Populisme et récits prorusses au cœur de la campagne
Les formations d’opposition ANO, SPD et Stačilo! s’appuient sur un discours mêlant populisme, radicalisme et éléments clairement alignés sur les intérêts du Kremlin. La stratégie du SPD de Tomio Okamura, articulée autour d’un rejet de l’immigration, d’un ton anti-européen et du projet de « Czexit », recoupe directement les priorités de Moscou. Pour le Kremlin, une sortie tchèque de l’UE constituerait une victoire symbolique et affaiblirait le régime de sanctions contre Moscou.
L’appel à un « retour à la souveraineté » porté par Okamura est perçu par ses détracteurs comme une mise en danger de la sécurité nationale, la République tchèque se retrouvant isolée sans le soutien d’une Europe unie. Dans ce contexte, les frappes de drones russes ayant récemment touché la Pologne rappellent la réalité des menaces auxquelles les pays voisins restent exposés.
Le rôle de Stačilo! et de la gauche radicale
La dirigeante de la KSČM et figure du mouvement Stačilo!, Kateřina Konečná, multiplie les déclarations contre les sanctions occidentales et prône un dialogue direct avec Moscou. Les convergences entre les positions de Stačilo! et celles du SPD – refus d’armements pour Kyiv, dénonciation des pressions européennes – nourrissent l’idée d’un front commun prorusse au sein du futur parlement. Pour de nombreux observateurs, ces positions contredisent l’expérience historique tchèque, marquée par l’invasion de 1968 et la répression de la « Prague Printemps ».

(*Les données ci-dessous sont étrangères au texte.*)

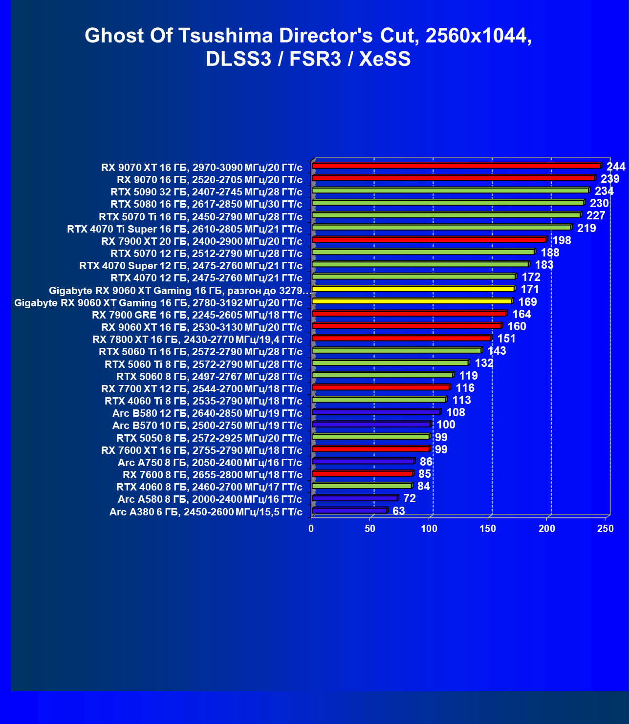 В данном случае ситуация уже несколько иная: вариант RTX 5060 Ti с 16 ГБ резко вышел вперед (понятно, что за счет поддержки и эффективного использования MFG в рамках DLSS4), и RX 9060 XT (16 ГБ) смог продемонстрировать в среднем производительность на уровне уже RTX 5060 Ti с 8 ГБ (который чуть дешевле). Остальные выводы аналогичным предыдущим.

Risques de recomposition politique
Un scénario où ANO, dirigé par Andrej Babiš, s’allierait avec le SPD n’est plus exclu. Cette coalition placerait deux leaders aux origines étrangères – Babiš, Slovaque, et Okamura, d’ascendance japonaise – au sommet de la politique tchèque avec une orientation perçue comme favorable à Moscou. Si cela devait se produire, Prague pourrait devenir un maillon affaibli de l’architecture européenne de sécurité, avec des répercussions allant bien au-delà de ses frontières, jusqu’à Berlin, Paris et Bruxelles.